> [AIM OF THE TASK]
Once you reach the line containing "4切サイズ用10シート、ネガ" in the entries below, write out that line and each one after it down to the line containing "A bögre klasszikus", exactly and with nothing added.

===== SUPPLIED MATERIAL

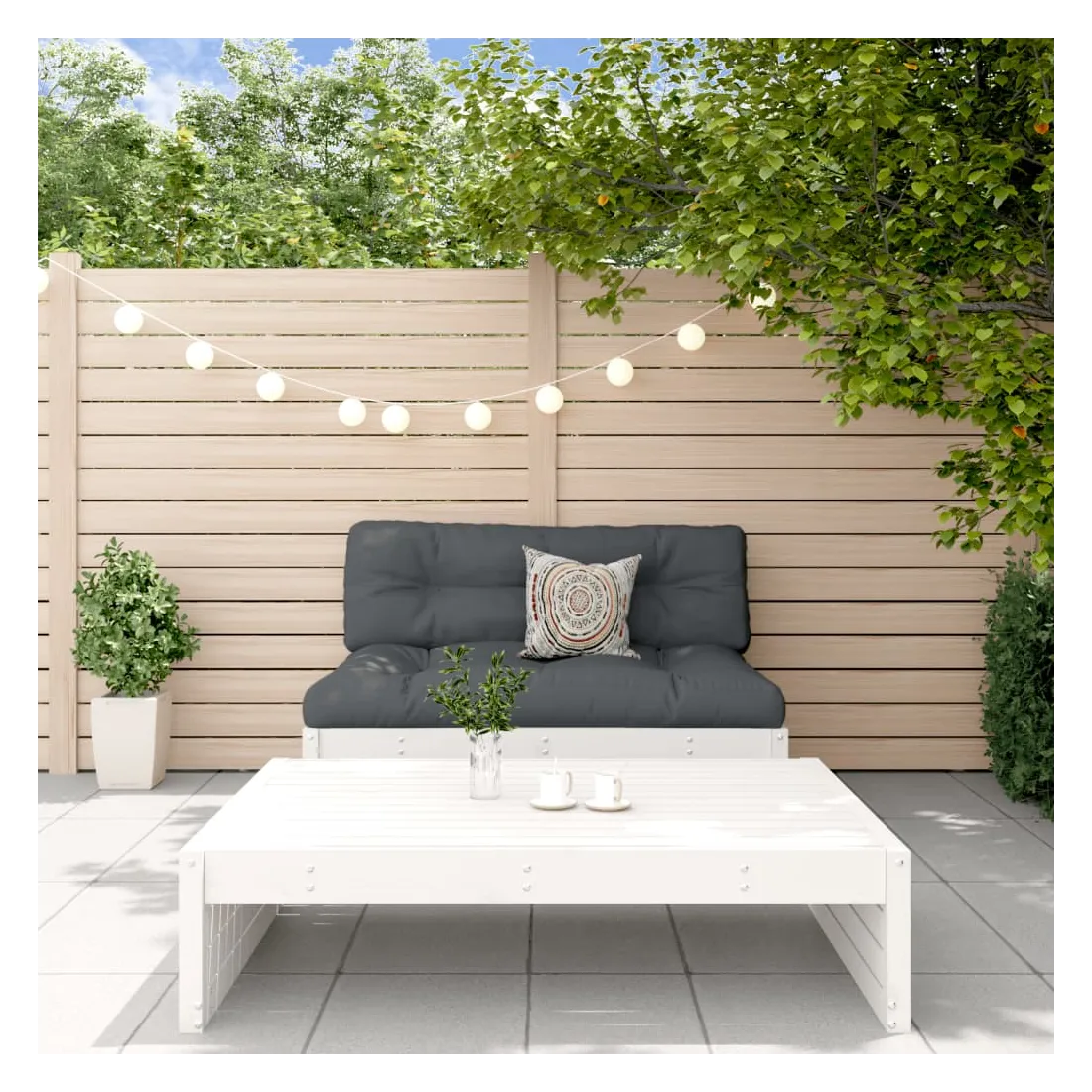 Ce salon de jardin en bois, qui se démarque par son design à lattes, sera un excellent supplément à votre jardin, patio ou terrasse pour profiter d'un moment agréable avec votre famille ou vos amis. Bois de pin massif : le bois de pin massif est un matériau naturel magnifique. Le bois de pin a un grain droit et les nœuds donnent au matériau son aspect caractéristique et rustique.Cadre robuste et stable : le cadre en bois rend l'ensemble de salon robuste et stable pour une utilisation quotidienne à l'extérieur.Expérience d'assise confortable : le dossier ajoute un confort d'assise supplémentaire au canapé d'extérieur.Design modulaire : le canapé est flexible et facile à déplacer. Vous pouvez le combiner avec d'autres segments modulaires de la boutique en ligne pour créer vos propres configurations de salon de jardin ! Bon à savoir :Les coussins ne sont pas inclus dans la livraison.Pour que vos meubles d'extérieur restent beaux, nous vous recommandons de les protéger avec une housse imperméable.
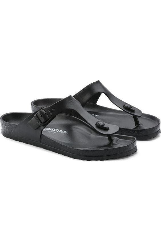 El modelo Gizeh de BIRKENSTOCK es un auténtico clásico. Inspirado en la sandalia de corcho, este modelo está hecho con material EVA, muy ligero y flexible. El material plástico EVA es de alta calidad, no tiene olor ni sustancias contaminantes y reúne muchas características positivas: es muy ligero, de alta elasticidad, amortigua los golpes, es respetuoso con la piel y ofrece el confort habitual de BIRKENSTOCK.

==========
===== SUPPLIED MATERIAL

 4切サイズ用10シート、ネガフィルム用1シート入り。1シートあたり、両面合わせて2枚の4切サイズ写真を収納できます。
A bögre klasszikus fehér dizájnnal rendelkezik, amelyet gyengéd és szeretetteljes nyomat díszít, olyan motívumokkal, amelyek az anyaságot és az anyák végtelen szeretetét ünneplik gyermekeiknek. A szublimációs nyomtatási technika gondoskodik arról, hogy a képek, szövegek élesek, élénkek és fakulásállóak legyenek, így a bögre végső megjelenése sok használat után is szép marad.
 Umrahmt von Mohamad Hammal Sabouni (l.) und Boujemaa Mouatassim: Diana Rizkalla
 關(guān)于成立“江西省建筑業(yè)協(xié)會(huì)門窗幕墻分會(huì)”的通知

==========

> [TASK RESULT]
 4切サイズ用10シート、ネガフィルム用1シート入り。1シートあたり、両面合わせて2枚の4切サイズ写真を収納できます。
A bögre klasszikus fehér dizájnnal rendelkezik, amelyet gyengéd és szeretetteljes nyomat díszít, olyan motívumokkal, amelyek az anyaságot és az anyák végtelen szeretetét ünneplik gyermekeiknek. A szublimációs nyomtatási technika gondoskodik arról, hogy a képek, szövegek élesek, élénkek és fakulásállóak legyenek, így a bögre végső megjelenése sok használat után is szép marad.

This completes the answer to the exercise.